October 3, 2014
As the number of discovered rare diseases continues to increase, the search for innovative methods to understand rare disease complexity and bring about novel therapies has also accelerated over the past decade. In an editorial published in the Journal of General Internal Medicine in August, Kesselheim and Gagne introduce a series of fourteen articles on innovative approaches to study rare diseases, optimize data sources, involve patients in research and develop health policy.
In their article, Retsch-Bogart et al. propose measures to identify strong clinical research teams to lead research on rare diseases.

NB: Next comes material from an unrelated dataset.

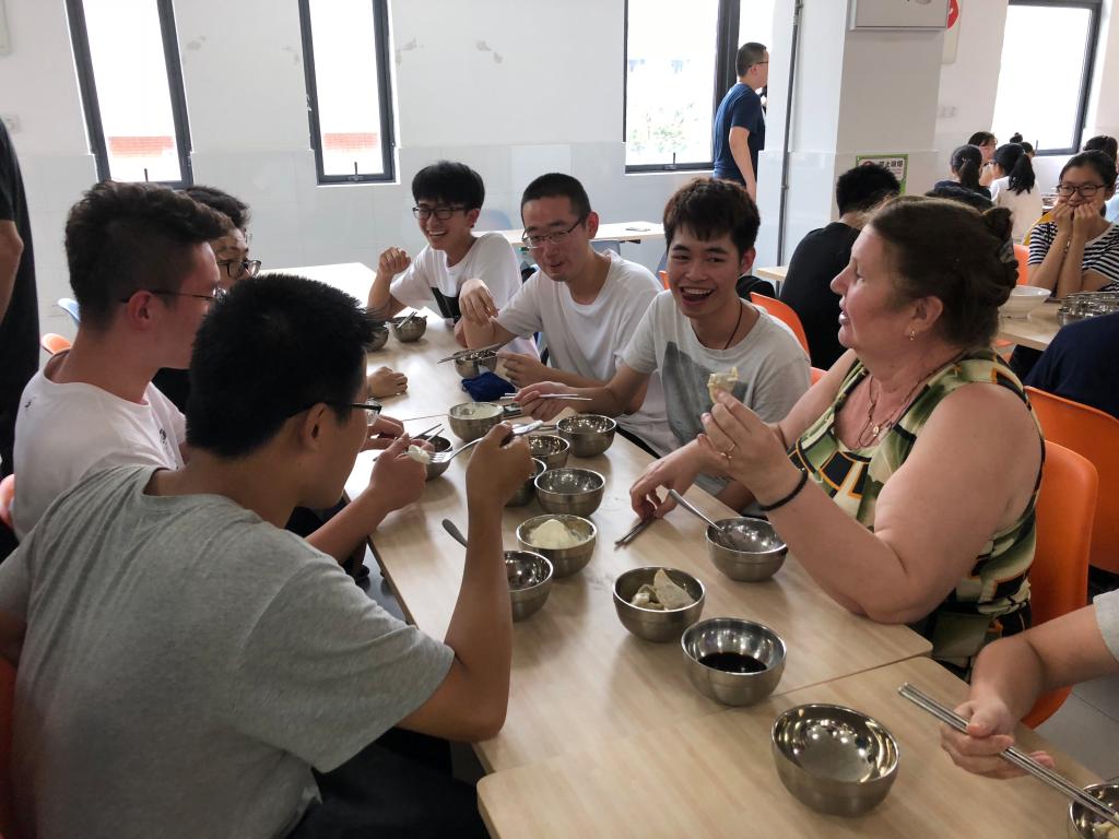 材料二班同学与老师一起品尝饺子

Five further articles explore methods of collecting and optimizing use of data on rare diseases. Nigwekar et al. and Royer et al. propose novel processes to analyze data on rare disorders and identify patients. Krischer et al. describe the Rare Disease Clinical Network. The article describes the network of consortia to collect data, connect with patients and support clinical studies. Thompson et al. describe the experience of RD-Connect, a platform to integrate data from registries, genomics, biobanks and bioinformatics. Maro et al. describe novel approaches to post market pharmacovigilance for orphan drugs.
Three articles describe the role of patients in rare disease research and orphan drug development.
Thyen et al. evaluate patient care satisfaction in certain rare disease groups. Poon et al. study the long term impact of chronic rare disease on quality of life. Forsythe et al. explore methods of engaging patients in research.
Finally, four articles explore regulatory, economic, social and ethical issues concerning the benefits of rare disease treatment and health outcomes. Abrahamyan et al. describe value-of-information methods to assess the cost-benefits of expensive treatments for rare diseases. Winquist et al. describe the Canadian experience of developing a framework for orphan drug reimbursement decisions. Pariser and Gahl present general advances in translational approaches to advance drug discovery for rare diseases. Finally, Basch and Bennett describe the relevance of incorporating patient-reported outcomes into clinical trials on rare diseases.